What Gary Gygax and the old gaming world have revealed is two great deficiencies in modern Christianity: a) a lack of imagination, and b) a lack of a place (and a lack of openness) for many kinds of youth.
"Christian Literature" is often synonymous with warmed-over syrupy drivel, romance novels for the prudish. "Christian Music" is filled with bands and performers who make their living copying better secular performers (worst one I remember, a substandard Christian "bluesman" named "Sleepy Ray" who dressed like Stevie Ray Vaughn, except in white). [In all fairness it has gotten a LOT better.] Churches produce "Christian Drama" which wouldn't pass muster in most high schools. There are notable exceptions to all of these, but too few. And the mediocre get plenty of attention because they're safe. There's just nothing that threatening about the Newsboys or a Francine Rivers novel (yes, I read ONE).
Christians read C. S. Lewis without attending to what he said. There is something absolutely indespensible about imagination. Because we can't imagine, our Christianity looks just like the rest of our culture. We're as worldly as everybody else, we just anti-homosexual.
Our unconfronted worldliness also makes us very interested in success - in our youth programs for instance. Our youth programs tend to be filled with kids either in the mainstream of youth-culture cool, or with kids in the Christian-culture safe. The first type of youth program doesn't have a place for the geek or oddball. The second doesn't have a place for the kid who struggles with sin or habitually asks the hard questions. Growth is the goal. Memory: I called a great youth pastor I knew who had a big youth program and asked if a vulnerable little girl I had in my drug program would be welcomed at his group. She was proto-goth, introspective, smoker, non-Christian family, sober, and completely open to the Gospel. His answer: "Honestly, I don't think she'd fit in."
When I was a gamer, I knew Christianity was a bunch of shallow bunk because they listened to crummy music, couldn't make a rational argument and were convinced we were summoning demons while eating Doritos and rolling dice. Thankfully, I read the Word and met Jesus. He didn't seem like someone who read shallow novels and listened to bad music. And I thought he'd like me.

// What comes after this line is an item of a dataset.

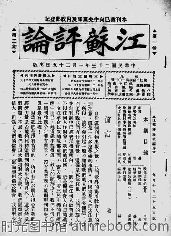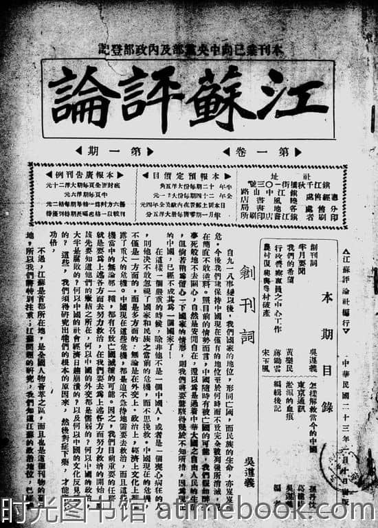 网盘路径:/时光图书馆珍藏系列/书籍文件/老杂志、老期刊/民国期刊/江苏/《江苏评论》(江苏)1934-1937年合集.db

I heard a sermon one time where the pastor said our churches should be like Cheers. Everybody knows your name, your troubles are all the same, and they're always glad you came. I like that. But I also hope we can be a little like Gary Gygax, and make a place for those who are different and imagine a different world. Not a secular world with a thin coat of Gospel paint (modern Christianity), but a Kingdom that is completely and radically different than the world we live in now.